Через несколько минут он остановился перед довольно большим домом, окруженным содержавшимся в порядке садом. Внешность дома показывала, что хозяин его — человек по меньшей мере состоятельный.
Калитка была приотворена. Незнакомец вошел в нее и затворил изнутри; затем он уверенным шагом прошел через сад, где не встретил ни души, вошел в прихожую, повернул направо и остановился в скромно, но уютно обставленной комнате. Здесь он снял с себя сарапе и шляпу, положил то и другое на кресло, а сам бросился на длинную кушетку и с наслаждением потянулся, как человек, почувствовавший, что наконец-то после долгого и трудного пути он добрался до желанного отдыха, может расправить усталые члены и расположиться как ему угодно. Разлегшись поудобнее, он скрутил сигаретку из маисового листа, высек из кремня огонь огнивом в золотой оправе, которое он достал из кармана, и скоро исчез в облаках синеватого дыма, окружившего его словно ореолом. Откинувшись на спинку кушетки, незнакомец погрузился в то состояние, которое итальянцы называют dolce far niente, испанцы — сиеста, турки — кейф, но для которого в языках более северных, закаленных суровым климатом народов не нашлось подходящего названия по той простой причине, что подобное состояние им неведомо.

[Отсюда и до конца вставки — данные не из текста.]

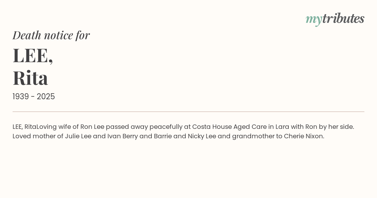 Loving wife of Ron Lee passed away peacefully at Costa House Aged Care in Lara with Ron by her side. Loved mother of Julie Lee and Ivan Berry and Barrie and Nicky Lee and grandmother to Cherie Nixon.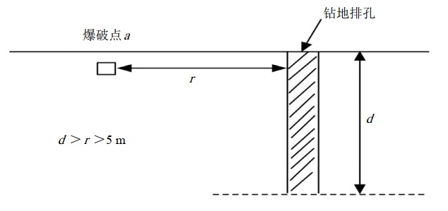 (2)實(shí)施方法。在距離爆破點(diǎn)一定半徑的軌跡上,按照一定間距和密度對地打孔,以及變化半徑多層次錯位打孔,類(lèi)似于豎井作業(yè)過(guò)程中的圍幕注漿法。根據現場(chǎng)條件和保護要求,可以采取全環(huán)打孔或局部方向弧線(xiàn)打孔(圖 1)。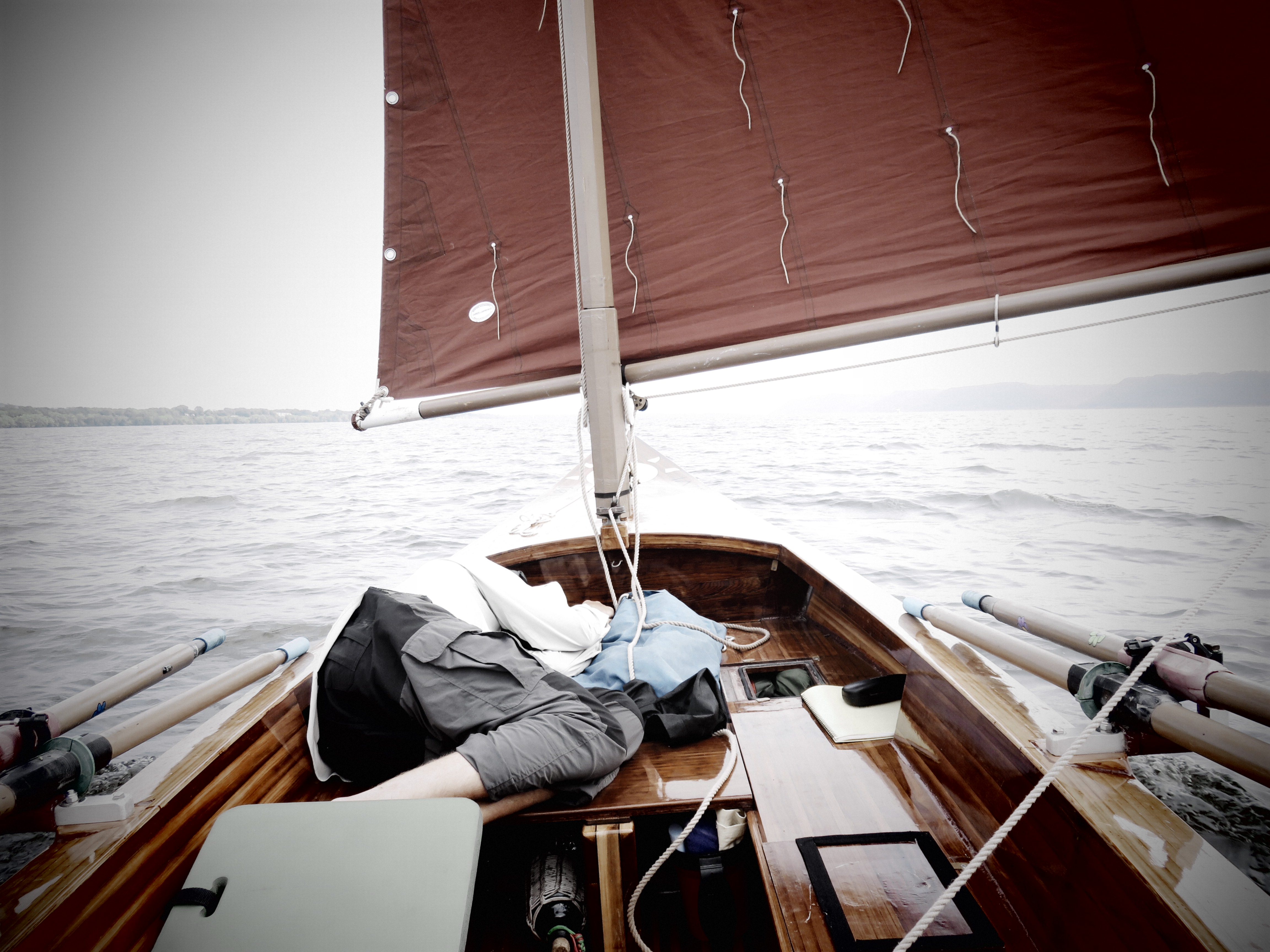 2pm: Clouds cover the sky in an array of gray hues. Different shades, shapes, and sizes, but it is light enough that the sun lets us know she is near by shall we need her. I am lying on the bench. I hear Kyle playing the harmonica while using the weight of his body to steer the boat. A sea gull flies above the boat while the harmonic sounds fill the air. Glorious.
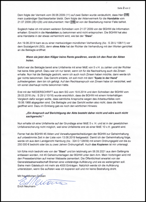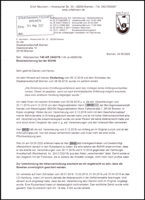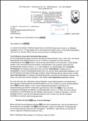 An dieser Stelle muss der Leser erfahren, die Kriminalpolizei Bremen hat im Jahre 2012 die interne Stellungnahme der BGHW Bremen in meiner Beschwerdeangelegenheit (E 207/09) vom 05.10.2009 gesichtet und kam u. a. zu dem Ergebnis, ich kämpfe gegen eine "kriminelle Vereinigung" die niemals zurückrudern wird, die nach "Stasi-Manier" vorgeht und vom Gesetzgeber mit einer Freiheitsstrafe bedroht wird. Ich soll auf meine Gesundheit aufpassen. Die Staatsanwaltschaft (STA) Bremen wird keine Ermittlungen einleiten. Und ich könnte der 2. Gustl Mollath werden. Diese Wertungen habe ich übernommen, sind keine üblen Nachrede und sind auch eingetroffen.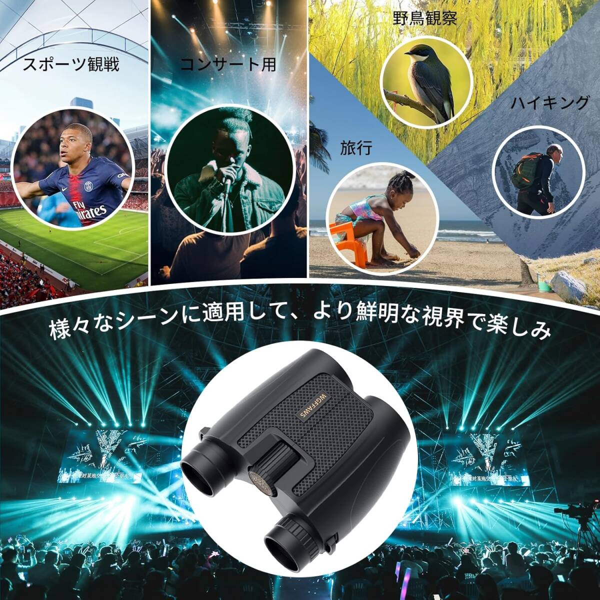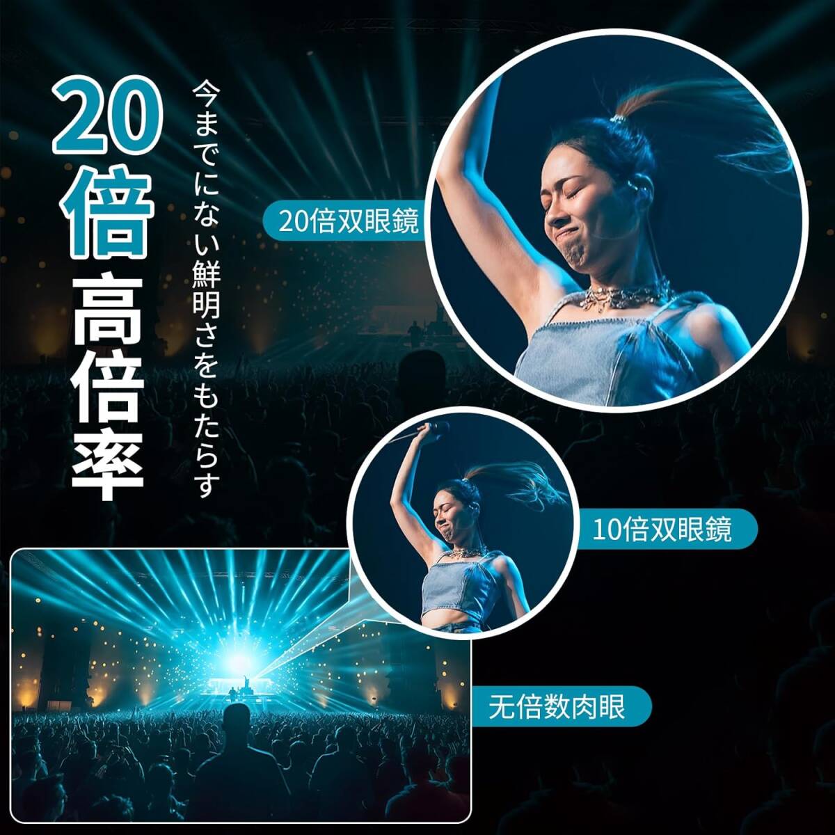 • 【多様なシーンに対応】20倍変倍機能の搭載に加え、IPX4防水仕様を備え、様々なアウトドア環境での使用が可能です。コンサート会場、ハイキング、野生動物観察など、幅広いシーンでの活用を実現。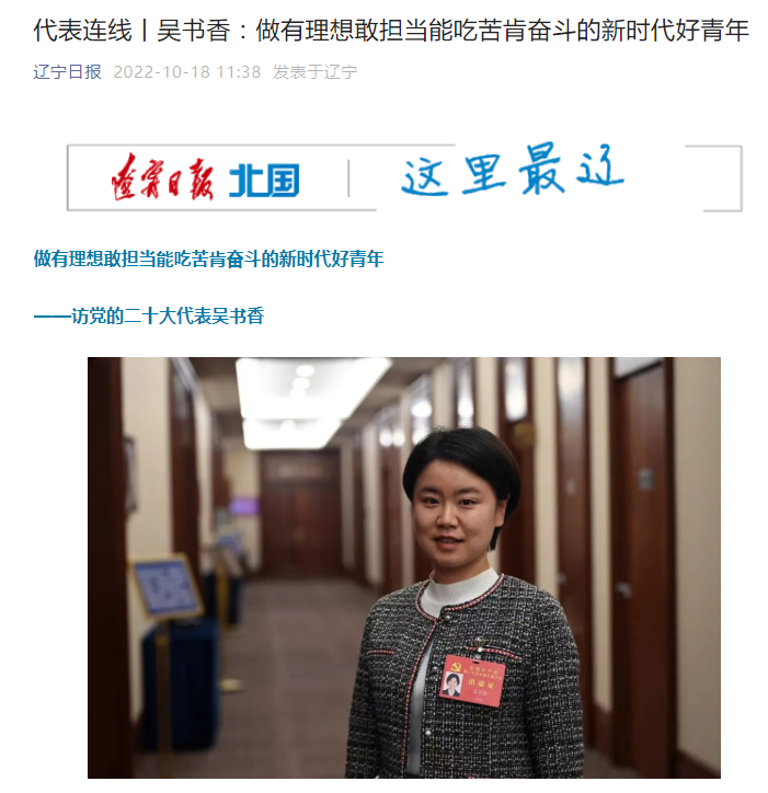 近日,《辽宁日报》《辽沈晚报》等媒体相继报道了党的二十大代表、必赢官网2008级社会学专业校友吴书香“代表连线”专访。

Незнакомец едва успел выкурить половину сигаретки, как в комнате появилось новое лицо. Это вновь вошедшее лицо, казалось, не замечало первого, но сделало то же самое: скинуло сарапе, растянулось на кушетке и принялось курить. Но тотчас же вслед за этим на песке садовой дорожки раздался скрип шагов третьего лица, затем четвертого, пятого, и не прошло и часа, как в комнате собралось двадцать человек. Эти двадцать человек беззаботно курили; каждый расположился, как ему казалось удобнее, но ни один из них не проронил ни слова, как будто в комнате не было других лиц, к кому можно было бы обратиться с разговором. Комната мало-помалу наполнялась густым табачным дымом, тянувшимся понемногу в открытые окна. Часы на камине наконец пробили шесть.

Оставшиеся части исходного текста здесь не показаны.